EXERCISE AIM — Once you reach the line that holds "पूजा आरंभ करने" in the listing below, output it and every line after it through the line that holds "BaiGanJia 21 Posted", word for word.

DATA FOR THIS TASK —

########

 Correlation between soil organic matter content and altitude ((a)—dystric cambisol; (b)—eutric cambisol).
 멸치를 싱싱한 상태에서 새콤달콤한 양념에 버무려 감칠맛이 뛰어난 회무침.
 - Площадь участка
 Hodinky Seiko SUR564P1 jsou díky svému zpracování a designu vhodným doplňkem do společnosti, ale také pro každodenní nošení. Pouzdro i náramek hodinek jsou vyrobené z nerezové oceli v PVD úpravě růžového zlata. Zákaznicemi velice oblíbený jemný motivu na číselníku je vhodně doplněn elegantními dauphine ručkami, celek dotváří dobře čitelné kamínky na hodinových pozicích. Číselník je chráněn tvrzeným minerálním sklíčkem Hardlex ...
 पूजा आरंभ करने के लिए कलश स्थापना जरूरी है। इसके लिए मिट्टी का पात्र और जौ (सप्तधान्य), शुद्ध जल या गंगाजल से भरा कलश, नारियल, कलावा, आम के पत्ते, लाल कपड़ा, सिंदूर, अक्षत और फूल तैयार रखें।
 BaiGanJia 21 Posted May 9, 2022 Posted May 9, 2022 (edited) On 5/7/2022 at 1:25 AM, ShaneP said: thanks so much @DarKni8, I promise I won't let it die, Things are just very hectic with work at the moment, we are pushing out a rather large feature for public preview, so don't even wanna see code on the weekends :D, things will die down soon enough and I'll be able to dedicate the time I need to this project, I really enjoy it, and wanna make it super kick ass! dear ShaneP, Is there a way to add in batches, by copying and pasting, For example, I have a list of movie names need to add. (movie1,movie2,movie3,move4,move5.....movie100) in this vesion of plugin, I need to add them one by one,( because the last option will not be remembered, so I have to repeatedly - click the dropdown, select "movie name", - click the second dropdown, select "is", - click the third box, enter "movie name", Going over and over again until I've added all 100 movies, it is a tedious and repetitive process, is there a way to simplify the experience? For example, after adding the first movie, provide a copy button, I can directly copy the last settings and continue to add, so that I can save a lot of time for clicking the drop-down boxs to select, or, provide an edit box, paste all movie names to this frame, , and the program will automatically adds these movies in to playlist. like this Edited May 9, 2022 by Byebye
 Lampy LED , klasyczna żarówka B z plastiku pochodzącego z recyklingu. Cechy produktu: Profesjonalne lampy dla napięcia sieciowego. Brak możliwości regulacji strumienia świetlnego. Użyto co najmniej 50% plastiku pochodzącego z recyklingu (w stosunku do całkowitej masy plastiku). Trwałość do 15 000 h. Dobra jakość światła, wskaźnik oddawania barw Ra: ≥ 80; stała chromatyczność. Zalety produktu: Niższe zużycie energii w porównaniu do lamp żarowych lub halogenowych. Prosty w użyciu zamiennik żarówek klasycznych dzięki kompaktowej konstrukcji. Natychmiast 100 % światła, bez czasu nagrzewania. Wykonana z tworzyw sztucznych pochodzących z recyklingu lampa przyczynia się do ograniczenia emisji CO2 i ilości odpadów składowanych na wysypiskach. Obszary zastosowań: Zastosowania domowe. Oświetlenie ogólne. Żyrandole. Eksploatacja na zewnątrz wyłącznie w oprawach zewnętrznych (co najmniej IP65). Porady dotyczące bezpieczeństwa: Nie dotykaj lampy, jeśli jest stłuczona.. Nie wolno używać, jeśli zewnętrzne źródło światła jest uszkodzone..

########

WRITTEN RESPONSE —
 पूजा आरंभ करने के लिए कलश स्थापना जरूरी है। इसके लिए मिट्टी का पात्र और जौ (सप्तधान्य), शुद्ध जल या गंगाजल से भरा कलश, नारियल, कलावा, आम के पत्ते, लाल कपड़ा, सिंदूर, अक्षत और फूल तैयार रखें।
 BaiGanJia 21 Posted May 9, 2022 Posted May 9, 2022 (edited) On 5/7/2022 at 1:25 AM, ShaneP said: thanks so much @DarKni8, I promise I won't let it die, Things are just very hectic with work at the moment, we are pushing out a rather large feature for public preview, so don't even wanna see code on the weekends :D, things will die down soon enough and I'll be able to dedicate the time I need to this project, I really enjoy it, and wanna make it super kick ass! dear ShaneP, Is there a way to add in batches, by copying and pasting, For example, I have a list of movie names need to add. (movie1,movie2,movie3,move4,move5.....movie100) in this vesion of plugin, I need to add them one by one,( because the last option will not be remembered, so I have to repeatedly - click the dropdown, select "movie name", - click the second dropdown, select "is", - click the third box, enter "movie name", Going over and over again until I've added all 100 movies, it is a tedious and repetitive process, is there a way to simplify the experience? For example, after adding the first movie, provide a copy button, I can directly copy the last settings and continue to add, so that I can save a lot of time for clicking the drop-down boxs to select, or, provide an edit box, paste all movie names to this frame, , and the program will automatically adds these movies in to playlist. like this Edited May 9, 2022 by Byebye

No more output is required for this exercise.